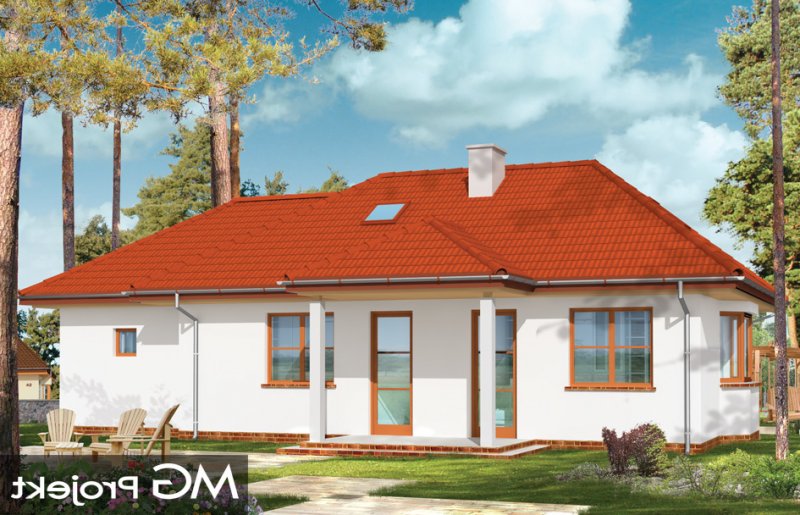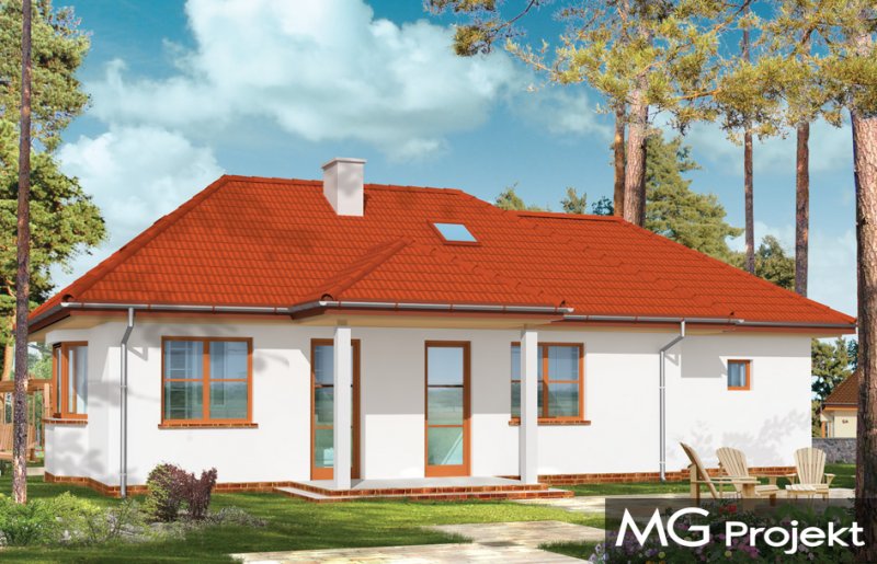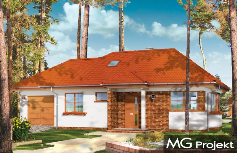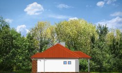 Klejnot z garażem to nieduży jednorodzinny dom dla trzyosobowej rodziny lub młodego małżeństwa z małymi dziećmi. Projekt domu w odróżnieniu od wersji podstawowej posiada dobudowany garaż. Budynek może być również użytkowany jako letniskowy. Prosta bryła bez udziwnień umożliwia łatwą i tanią budowę. Dobrane zrównoważone detale architektoniczne sprawiają przy tym, że przyjemnie patrzy sie na domek. Wnętrze zaprojektowano z podziałem na strefy: dzienną i nocną. Projekt występuje również w wersji odbicia lustrzanego.
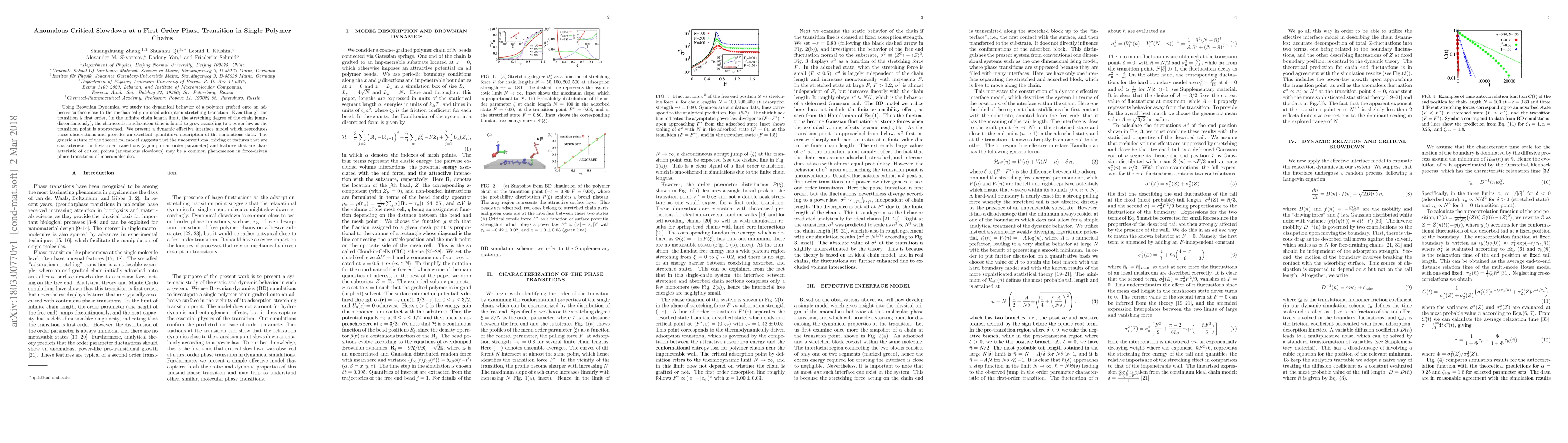 Using Brownian Dynamics, we study the dynamical behavior of a polymer grafted onto an adhesive surface close to the mechanically induced adsorption-stretching transition. Even though the transition is first order, (in the infinite chain length limit, the stretching degree of the chain jumps discontinuously), the characteristic relaxation time is found to grow according to a power law as the transition point is approached. We present a dynamic effective interface model which reproduces these observations and provides an excellent quantitaive description of the simulations data. The generic nature of the theoretical model suggests that the unconventional mixing of features that are characteristic for first-order transitions (a jump in an order parameter) and features that are characteristic of critical points (anomalous slowdown) may be a common phenomenon in force-driven phase transitions of macromolecules.
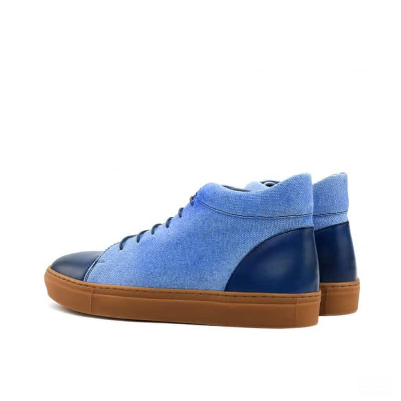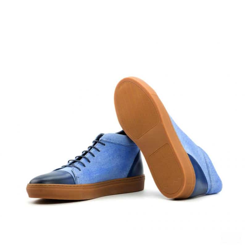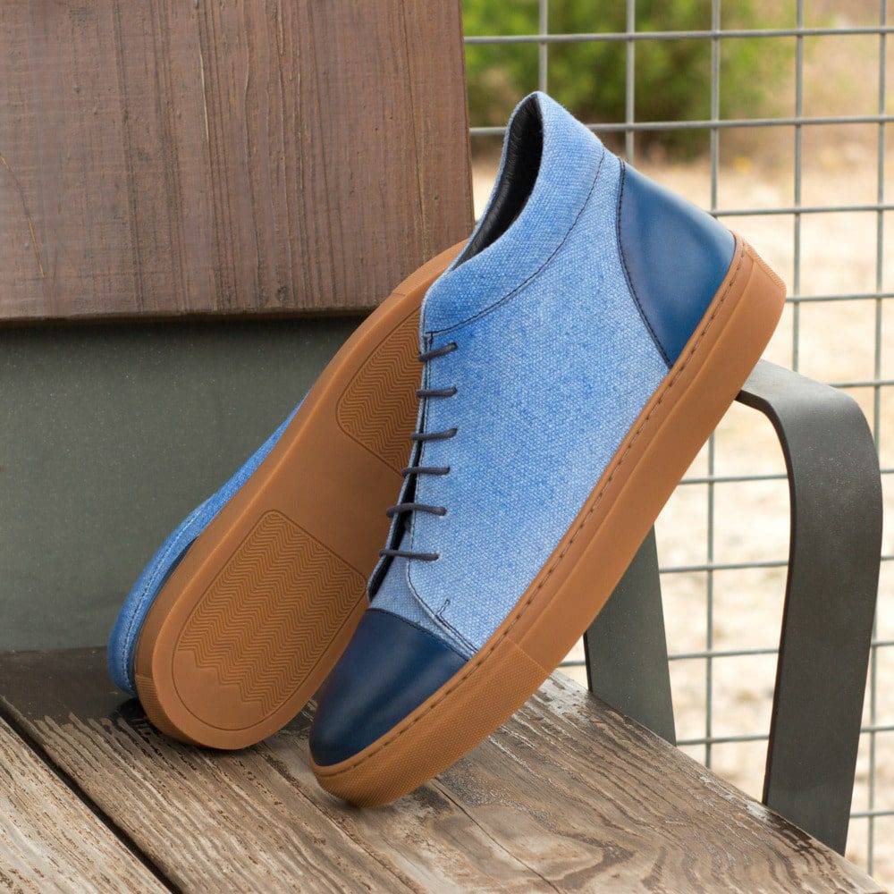 The shoe features a striking combination of blue linen and navy blue painted calf leather uppers, giving it a unique and modern aesthetic. The laces, also in navy blue, add a touch of sophistication to the overall look. But it’s not just about looks with this high top sneaker – the navy blue calf leather lining ensures a luxurious feel against your skin, while the Carmel rubber cupsole provides superior traction and a lightweight feel.
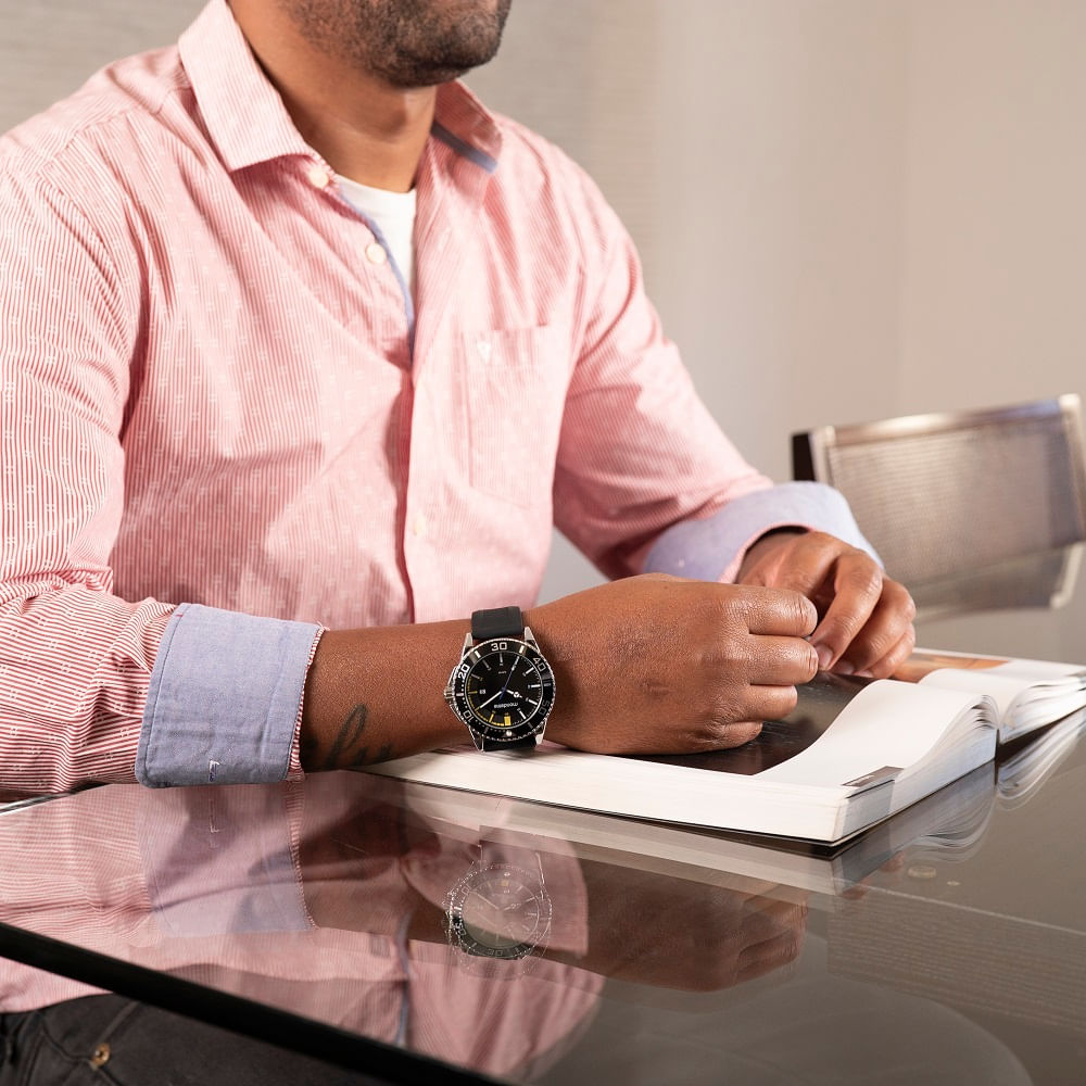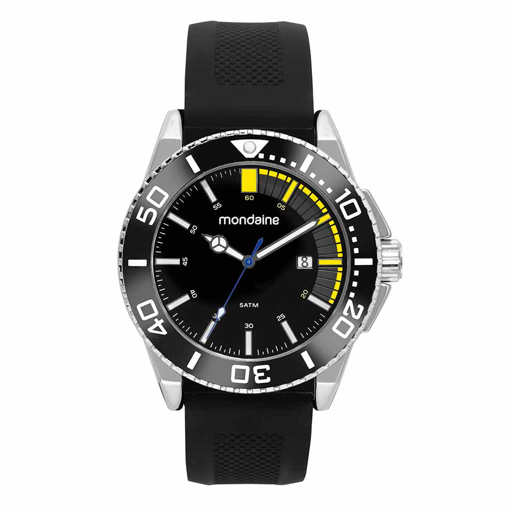 Com pulseira de silicone este relógio conta com caixa prateada em metal, mostrador texturizado com detalhes em amarelo. A pulseira incrivelmente confortável e contemporânea em silicone possui fecho fivela. Um modelo esportivo une o clássico do analógico com os recortes modernos e cores vibrantes. Esse relógio possui a caixa em 4,8 cm de tamanho.
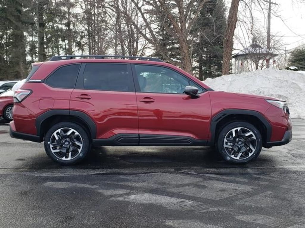 Adventure Subaru is proud to offer this great 2026 Subaru Forester in Crimson Red Pearl. This vehicle has been thoroughly inspected, ready to take home, and comes with the following features; Harman/Kardon Speaker System and Navigation and Reverse Automatic Braking (Radio: Subaru 11.6" Multimedia Navigation System and Reverse Automatic Braking (RAB) System), 4-Wheel Disc Brakes, 6 Speakers, ABS brakes, Air Conditioning, All-Weather Floor Liners, Alloy wheels, AM/FM radio: SiriusXM with 360L, Anti-whiplash front head restraints, Auto High-beam Headlights, Auto-Dimming Mirror with Compass and HomeLink, Automatic temperature control, Brake assist, Bumpers: body-color, Cargo Tray, Driver door bin, Driver vanity mirror, Dual front impact airbags, Dual front side impact airbags, Electronic Stability Control, Emergency communication system: MySubaru Companion (5-years free), Exterior Parking Camera Rear, Four wheel independent suspension, Front anti-roll bar, Front Bucket Seats, Front Center Armrest, Front dual zone A/C, Front fog lights, Front reading lights, Fully automatic headlights, Heated door mirrors, Heated Front Bucket Seats, Heated front seats, Heated steering wheel, Illuminated entry, Knee airbag, Leather steering wheel, LED Upgrade, Low tire pressure warning, Occupant sensing airbag, Outside temperature display, Overhead airbag, Overhead console, Panic alarm, Passenger door bin, Passenger vanity mirror, Perforated Leather-Trimmed Upholstery, Power door mirrors, Power driver seat, Power Liftgate, Power moonroof: Panoramic, Power passenger seat, Power steering, Power windows, Radio data system, Radio: Subaru 11.6" Multimedia Plus System, Rain sensing wipers, Rear anti-roll bar, Rear Bumper Cover, Rear seat center armrest, Rear window defroster, Rear window wiper, Remote keyless entry, Security system, Speed control, Speed-sensing steering, Split folding rear seat, Spoiler, Steering wheel mounted audio controls, Tachometer, Telescoping steering wheel, Tilt steering wheel, Traction control, Trip computer, Turn signal indicator mirrors, Variably intermittent wipers, and Wheels: 18" x 7.0 J Dark Metallic Aluminum-Alloy.
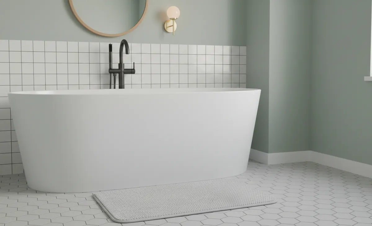 Tipo: Alfombra para salida de ducha con tecnología Memory Foam. Textura: Superficie aterciopelada extra suave de alta calidad. Base: Goma antideslizante de máxima seguridad. Material: Espuma viscoelástica con revestimiento textil suave. Medidas: Largo: 60 cm. Ancho: 40 cm. Color: Gris (Tono neutro premium adaptable). Cuidado y Mantenimiento: Para preservar la propiedad elástica del Memory Foam y la suavidad del acabado aterciopelado, se recomienda lavar con agua fría y jabón neutro. Secar extendida a la sombra para evitar que el calor dañe la espuma viscoelástica o la base antideslizante. No utilizar blanqueadores abrasivos ni cloro.

Task prompt: Set down all the lines above exactly as they appear, with no pictures.

Task result:
 Klejnot z garażem to nieduży jednorodzinny dom dla trzyosobowej rodziny lub młodego małżeństwa z małymi dziećmi. Projekt domu w odróżnieniu od wersji podstawowej posiada dobudowany garaż. Budynek może być również użytkowany jako letniskowy. Prosta bryła bez udziwnień umożliwia łatwą i tanią budowę. Dobrane zrównoważone detale architektoniczne sprawiają przy tym, że przyjemnie patrzy sie na domek. Wnętrze zaprojektowano z podziałem na strefy: dzienną i nocną. Projekt występuje również w wersji odbicia lustrzanego.
 Using Brownian Dynamics, we study the dynamical behavior of a polymer grafted onto an adhesive surface close to the mechanically induced adsorption-stretching transition. Even though the transition is first order, (in the infinite chain length limit, the stretching degree of the chain jumps discontinuously), the characteristic relaxation time is found to grow according to a power law as the transition point is approached. We present a dynamic effective interface model which reproduces these observations and provides an excellent quantitaive description of the simulations data. The generic nature of the theoretical model suggests that the unconventional mixing of features that are characteristic for first-order transitions (a jump in an order parameter) and features that are characteristic of critical points (anomalous slowdown) may be a common phenomenon in force-driven phase transitions of macromolecules.
 The shoe features a striking combination of blue linen and navy blue painted calf leather uppers, giving it a unique and modern aesthetic. The laces, also in navy blue, add a touch of sophistication to the overall look. But it’s not just about looks with this high top sneaker – the navy blue calf leather lining ensures a luxurious feel against your skin, while the Carmel rubber cupsole provides superior traction and a lightweight feel.
 Com pulseira de silicone este relógio conta com caixa prateada em metal, mostrador texturizado com detalhes em amarelo. A pulseira incrivelmente confortável e contemporânea em silicone possui fecho fivela. Um modelo esportivo une o clássico do analógico com os recortes modernos e cores vibrantes. Esse relógio possui a caixa em 4,8 cm de tamanho.
 Adventure Subaru is proud to offer this great 2026 Subaru Forester in Crimson Red Pearl. This vehicle has been thoroughly inspected, ready to take home, and comes with the following features; Harman/Kardon Speaker System and Navigation and Reverse Automatic Braking (Radio: Subaru 11.6" Multimedia Navigation System and Reverse Automatic Braking (RAB) System), 4-Wheel Disc Brakes, 6 Speakers, ABS brakes, Air Conditioning, All-Weather Floor Liners, Alloy wheels, AM/FM radio: SiriusXM with 360L, Anti-whiplash front head restraints, Auto High-beam Headlights, Auto-Dimming Mirror with Compass and HomeLink, Automatic temperature control, Brake assist, Bumpers: body-color, Cargo Tray, Driver door bin, Driver vanity mirror, Dual front impact airbags, Dual front side impact airbags, Electronic Stability Control, Emergency communication system: MySubaru Companion (5-years free), Exterior Parking Camera Rear, Four wheel independent suspension, Front anti-roll bar, Front Bucket Seats, Front Center Armrest, Front dual zone A/C, Front fog lights, Front reading lights, Fully automatic headlights, Heated door mirrors, Heated Front Bucket Seats, Heated front seats, Heated steering wheel, Illuminated entry, Knee airbag, Leather steering wheel, LED Upgrade, Low tire pressure warning, Occupant sensing airbag, Outside temperature display, Overhead airbag, Overhead console, Panic alarm, Passenger door bin, Passenger vanity mirror, Perforated Leather-Trimmed Upholstery, Power door mirrors, Power driver seat, Power Liftgate, Power moonroof: Panoramic, Power passenger seat, Power steering, Power windows, Radio data system, Radio: Subaru 11.6" Multimedia Plus System, Rain sensing wipers, Rear anti-roll bar, Rear Bumper Cover, Rear seat center armrest, Rear window defroster, Rear window wiper, Remote keyless entry, Security system, Speed control, Speed-sensing steering, Split folding rear seat, Spoiler, Steering wheel mounted audio controls, Tachometer, Telescoping steering wheel, Tilt steering wheel, Traction control, Trip computer, Turn signal indicator mirrors, Variably intermittent wipers, and Wheels: 18" x 7.0 J Dark Metallic Aluminum-Alloy.
 Tipo: Alfombra para salida de ducha con tecnología Memory Foam. Textura: Superficie aterciopelada extra suave de alta calidad. Base: Goma antideslizante de máxima seguridad. Material: Espuma viscoelástica con revestimiento textil suave. Medidas: Largo: 60 cm. Ancho: 40 cm. Color: Gris (Tono neutro premium adaptable). Cuidado y Mantenimiento: Para preservar la propiedad elástica del Memory Foam y la suavidad del acabado aterciopelado, se recomienda lavar con agua fría y jabón neutro. Secar extendida a la sombra para evitar que el calor dañe la espuma viscoelástica o la base antideslizante. No utilizar blanqueadores abrasivos ni cloro.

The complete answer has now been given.